THE Legislature of the State of New York, at its recent session, displayed a commendable disposition to favor the Eclectic School of Medicine. The usual appropriations were made without a dissent; and will, we trust, yield a hundred fold in their benefits conferred. Our friends in Brooklyn were especially favored. At the instance of Hon. Henry C. Cullen of the Assembly, a law was passed making it the duty of the joint Board of Supervisors and Aldermen to levy an annual tax of one thousand dollars and pay it for the support of the Eclectic Dispensary of that city. A law was also passed creat

ing it a corporation, so that there should be no let or impediment in the way of the institution, thus disposing summarily of its apprehended difficulties.

The charter of the Eclectic Medical College was also amended, defining more perfectly the scope of its powers and functions, and making it more homogeneous in its character with other institutions. As is the case with medical and surgical colleges incorporated by the Board of Regents of the University, a Board of Censors is authorized to examine and recommend candidates for the degree of Doctor of Medicine. The corporate powers are more distinctly expressed; and provision is made that the diploma of the college shall be a genuine certificate, the actual conferment of a degree, and bearing date from the day that it goes into practice. The disgraceful practice of some colleges and professors of vending spurious degrees, is effectually guarded against in the charter of the Eclectic Medical College of the city of New York. Its parchment is genuine.

This amendment to the charter also disposes effectually of all doubts in relation to the right of women to attend lectures and receive instruction from the Faculty of the Institution. The following clause, inserted at the instance of Hon. Winfield S. Cameron, of the Assembly, is explicit upon that point:

"No person over sixteen years of age, of good moral character, who has gone through the proper course of preliminary study, and conforming to the usual rules of admission and attendance, shall be excluded from attendance at the terms of instruction at said college."
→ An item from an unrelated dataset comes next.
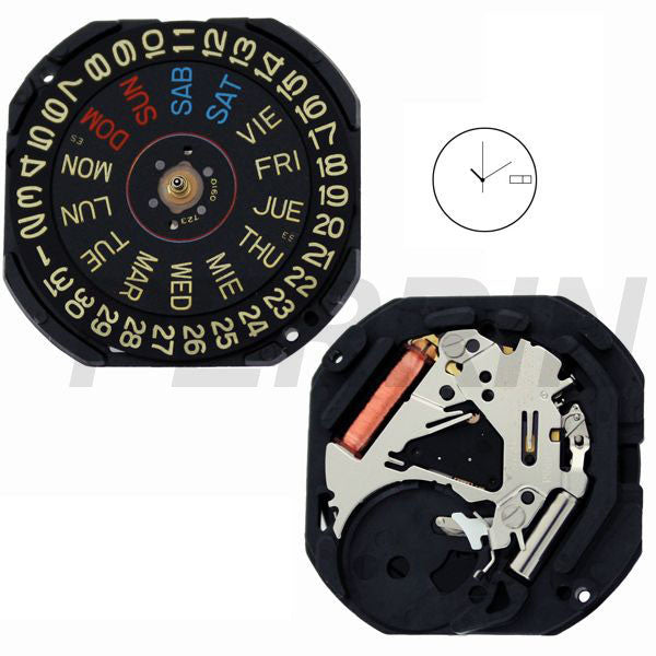 7N33 20 Seiko Quartz Watch Movement is a 3 hand movement (hour/minute/sweep second) with day and date at the 3 o'clock position. These calendar disks are gold figures on black background. This gents movement is a 10 1/2 ligne movement, dimensions are 21.30 mm x 21.50 mm with a thickness of 2.78 mm. Total height of the movement is 4.79 mm. Hand dimensions are 110/65/20 (h/m/s). 0 jewel movement, uses 370 battery. Stem is supplied with the movement. Stem is a part number 351-892, this stem is a tap 0.80 mm (tap 11).
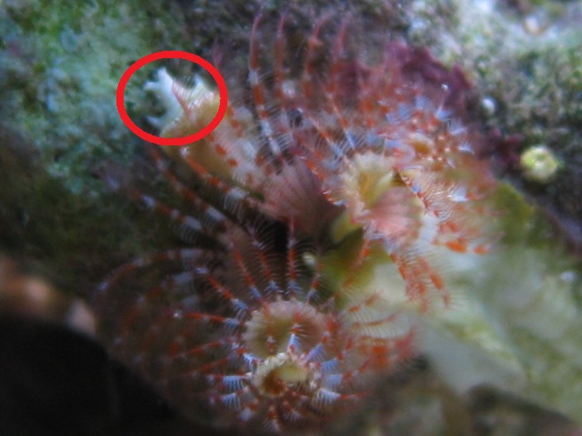 Rørorme har en kalkprop som den lukker hullet i sit rør med. Her lader det så blot til at der vokser et lille mosdyr oven på proppen.

This provision involves no new principle. The general statutes of the State in relation to medical colleges, uniformly recognize persons of good scholarship and moral character" as entitled to the benefits, honors, and diplomas, of those institutions. The exclusion of women as students, by the officers of any such college, is clearly without authority of law; their rights in this matter are the same as those of the other sex, equally as in the public schools. A right so well defined will be exercised. The usage in eclectic institutes has been to receive them as a matter of course. To place the subject unequivocally beyond controversy, the Board of Trustees of the Eclectic College of the city of New York, in 1868, adopted the following resolution:

"Resolved, That female students be educated in the Eclectic Medical College of the city of New York, upon the same conditions as male students."